Смотрите, более того, наблюдайте, социалисты, какие счастливые плоды уже принесло совершенствование нашего общественного порядка! Нынешнее поколение, несомненно, лучше своих предшественников: ошибаемся ли мы, заключая, что совершенное общество произведет совершенных граждан? Скажите лучше, отвечают консервативные верующие в догмат о грехопадении, что, поскольку религия очистила сердца, неудивительно, что институты почувствовали последствия. Теперь пусть религия завершит свою работу, и не бойтесь за общество.

Так говорят и возражают в бесконечном блуждании от вопроса теоретики двух школ. Ни те, ни другие не понимают, что человечество, пользуясь библейским выражением, едино и постоянно в своих поколениях, — то есть что все в нем, в каждый период его развития, в индивиде, как и в массе, происходит из одного и того же принципа, который есть не БЫТИЕ, а СТАНОВЛЕНИЕ. Они не видят, с одной стороны, что прогресс в морали есть постоянное завоевание разума над анимальностью, точно так же, как прогресс в богатстве есть плод войны, которую труд ведет против скупости природы; следовательно, что идея врожденной доброты, утраченной через общество, столь же абсурдна, как идея врожденного богатства, утраченного через труд, и что компромисс со страстями следует рассматривать в том же свете, что и компромисс с отдыхом. С другой стороны, они отказываются понимать, что если в человечестве есть прогресс, будь то через религию или по какой-то другой причине, то гипотеза о конституционной испорченности есть бессмыслица, противоречие.

Но я предвосхищаю выводы, к которым должен прийти: установим для настоящего времени просто, что моральное совершенство человечества, подобно материальному благополучию, реализуется серией колебаний между пороком и добродетелью, ЗАСЛУГОЙ и ОТСУТСТВИЕМ ЗАСЛУГ.

Да, человечество растет в справедливости, но этот рост нашей свободы, целиком обязанный росту нашего интеллекта, конечно, не дает доказательств доброты нашей природы; и, далеко не разрешая нам прославлять наши страсти, он действительно разрушает их власть. Мода и стиль нашей злобы меняются со временем: бароны средних веков грабили путешественника на большой дороге, а затем предлагали ему гостеприимство в своих замках; меркантильный феодализм, менее грубый, эксплуатирует пролетария и строит для него больницы: кто осмелился бы сказать, кто из них заслужил пальму добродетели?

Из всех экономических противоречий стоимость есть то, которое, доминируя над другими и суммируя их, держит в некотором смысле скипетр общества, я чуть было не сказал — морального мира.
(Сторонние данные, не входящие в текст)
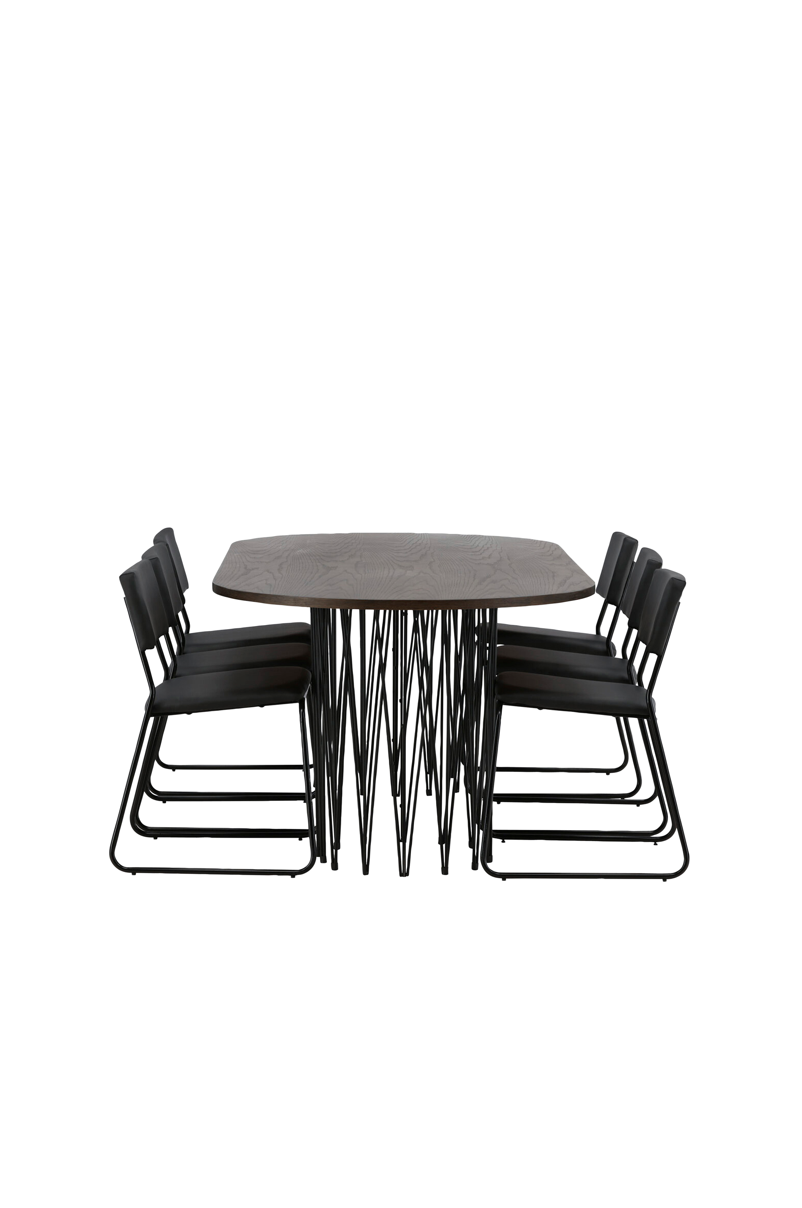 Soikea ruokapöytä on täydellinen, jos haluat luoda kotiisi viihtyisän ja kutsuvan tunnelman! Stone-ruokapöytä luo vaikutuksen muodikkaalla muotoilullaan. Furniture Fashionin mallistoon kuuluvassa ruokapöydässä on kaunis viilutetusta MDF-levystä valmistettu pöytälevy ja kaksi koristeellista lieriönmuotoista metallirunkoa. Tässä pöytään on yhdistetty Venture Designin Kenth-sarjan minimalistiset ruokapöydän tuolit. Tässä pöytään on yhdistetty Venture Designin Kenth-sarjan modernit ruokapöydän tuolit. Tuoleissa on minimalistinen, moderni muotoilu, joka luo ilmavaa tunnelmaa huoneeseen. Selkänoja ja istuinosa ovat polyuretaania ja polyesteriä ja kapeat jalat rautaa. Istu mukavasti ja nauti kodikkaan ruokailuryhmän parissa!

Пока стоимость, колеблясь между двумя своими полюсами — потребительной стоимостью и меновой стоимостью, — не приходит к своему конституированию, «мое» и «твое» остаются фиксированными произвольно; условия состояния являются эффектом случая; собственность покоится на шатком титуле; все в социальной экономии является временным. Что должны были извлечь социальные, разумные и свободные существа из этой неопределенности стоимости? Заключить дружеские соглашения, которые защитили бы труд и гарантировали обмен и дешевизну. Какая счастливая возможность для всех восполнить честностью, бескорыстием и нежностью сердца невежество объективных законов справедливого и несправедливого! Вместо того торговля повсюду стала, спонтанным усилием и единодушным согласием, неопределенной операцией, рискованным предприятием, лотереей и часто обманчивой и мошеннической спекуляцией.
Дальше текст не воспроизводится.